The Kids Neuroscience Centre (KNC) is a flagship laboratory and clinical research group within Sydney Children’s Hospitals Network and is closely linked with the Neurology, Neurogenetics and Neurosurgical clinical services.
From the ultra-rare ‘one-in-a-million’, to the far too common, KNC expert research teams of more than 115 doctors, scientists and allied health professionals work side-by-side to study and treat brain, muscle and nerve disorders. Our core business lies in new innovations in frontier diagnostics: the most crucial step to provide a name, explanation, and insight into a condition. A precise diagnosis in turn enables provision of the best clinical model of personalised care, focussed critically upon early intervention and disease prevention. KNC are also one of Australia’s leading centres for national and international clinical trials. Our deep, mechanistic research can pinpoint the crux of the disease process and ignite pre-clinical studies of new therapies.
10% of children, and ~40% of children admitted to SCHN at any one time, have a neurological or developmental disorder. Many neurological conditions are chronic and associated with significant physical, cognitive and/or social impairment. KNC study a wide spectrum of neurological conditions: ADHD, ataxia, autism, cerebral palsy, encephalitis, epilepsy, malformations of cortical development, muscular dystrophies, myopathy, multiple sclerosis, neurofibromatosis type 1, neuropathy, obsessive compulsive disorder, Rett syndrome, Tourette syndrome and others.
Alongside world-leading laboratory research into the genetic and biological mechanisms of disease, we operate a research-based diagnostic service. Embedded within SCHN, the KNC team can move swiftly from investigation to treatment, helping to provide children and families with accurate diagnoses and disease-specific treatment, and a clinical trials unit that allows children to participate in international clinical research and access the latest treatment options.

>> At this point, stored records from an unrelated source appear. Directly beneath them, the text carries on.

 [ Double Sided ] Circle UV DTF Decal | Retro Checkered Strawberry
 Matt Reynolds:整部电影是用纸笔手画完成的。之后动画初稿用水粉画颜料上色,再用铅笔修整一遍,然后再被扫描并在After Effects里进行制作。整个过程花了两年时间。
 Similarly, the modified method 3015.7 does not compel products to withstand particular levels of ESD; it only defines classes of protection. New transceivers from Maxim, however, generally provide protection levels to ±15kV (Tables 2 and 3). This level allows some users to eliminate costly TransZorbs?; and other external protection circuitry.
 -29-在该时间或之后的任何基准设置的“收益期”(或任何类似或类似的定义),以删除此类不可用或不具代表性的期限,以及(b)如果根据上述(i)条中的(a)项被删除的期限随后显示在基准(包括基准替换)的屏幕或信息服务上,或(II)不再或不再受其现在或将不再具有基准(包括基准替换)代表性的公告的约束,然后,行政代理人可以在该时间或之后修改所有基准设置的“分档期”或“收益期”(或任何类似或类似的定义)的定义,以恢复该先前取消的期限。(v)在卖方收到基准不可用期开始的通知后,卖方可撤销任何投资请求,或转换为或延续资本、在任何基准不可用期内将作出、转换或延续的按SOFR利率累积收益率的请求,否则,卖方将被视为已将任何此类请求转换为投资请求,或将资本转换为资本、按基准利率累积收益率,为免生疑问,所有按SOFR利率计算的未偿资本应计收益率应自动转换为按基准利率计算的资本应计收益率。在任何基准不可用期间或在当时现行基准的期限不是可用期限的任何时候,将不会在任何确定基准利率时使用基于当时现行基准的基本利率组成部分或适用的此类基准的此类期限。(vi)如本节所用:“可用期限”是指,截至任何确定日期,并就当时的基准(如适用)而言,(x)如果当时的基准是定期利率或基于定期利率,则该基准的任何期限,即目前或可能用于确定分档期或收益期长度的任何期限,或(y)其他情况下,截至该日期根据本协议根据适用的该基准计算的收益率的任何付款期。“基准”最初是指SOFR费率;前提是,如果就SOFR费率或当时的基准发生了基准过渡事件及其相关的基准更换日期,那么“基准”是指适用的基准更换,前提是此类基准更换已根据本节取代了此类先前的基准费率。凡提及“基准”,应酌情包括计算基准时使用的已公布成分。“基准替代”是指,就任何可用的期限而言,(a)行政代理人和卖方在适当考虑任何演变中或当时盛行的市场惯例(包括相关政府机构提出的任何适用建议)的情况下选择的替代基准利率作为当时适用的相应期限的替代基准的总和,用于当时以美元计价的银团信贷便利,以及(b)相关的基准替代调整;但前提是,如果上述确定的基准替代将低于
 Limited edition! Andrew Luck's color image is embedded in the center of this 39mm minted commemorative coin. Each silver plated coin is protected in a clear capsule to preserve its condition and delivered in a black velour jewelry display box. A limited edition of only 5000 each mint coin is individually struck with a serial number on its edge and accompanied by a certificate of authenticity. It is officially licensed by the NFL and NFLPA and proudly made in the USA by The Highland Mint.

- We are providing a blood test to diagnose a new, treatable cause of blindness.
- We are developing new biomarkers that can reliably measure treatments for autism.
- We are implementing new ‘RNA genetic testing’ into clinical practice across Australia to help diagnose families without a genetic explanation for their condition. See our RNA for Rare Disease (RNA-4RD) research initiative page for more information.

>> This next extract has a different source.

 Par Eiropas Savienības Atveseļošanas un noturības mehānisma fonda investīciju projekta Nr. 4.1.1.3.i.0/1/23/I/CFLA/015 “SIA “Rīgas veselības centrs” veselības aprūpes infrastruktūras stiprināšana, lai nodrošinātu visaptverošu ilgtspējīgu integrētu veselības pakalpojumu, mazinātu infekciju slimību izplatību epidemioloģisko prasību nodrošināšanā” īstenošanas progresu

- We are launching a new diagnostic test for auto-antibody detection in demyelinating disorders.
- We are forging scalable pathways for precision genetic therapies for families with rare disorders.
- We are pioneering deep brain stimulation as a lifesaving intervention in rare genetic causes of cerebral palsy. Establishing the first Australian Neurosurgery unit using Stereo-EEG to pinpoint seizure loci for optimal epilepsy surgery outcomes.
- We are leading world-first clinical trials of a new gene therapy for Duchenne Muscular Dystrophy.
- We are developing global benchmarking scales to measure the burden of disease for children with Charcot-Marie-Tooth disease.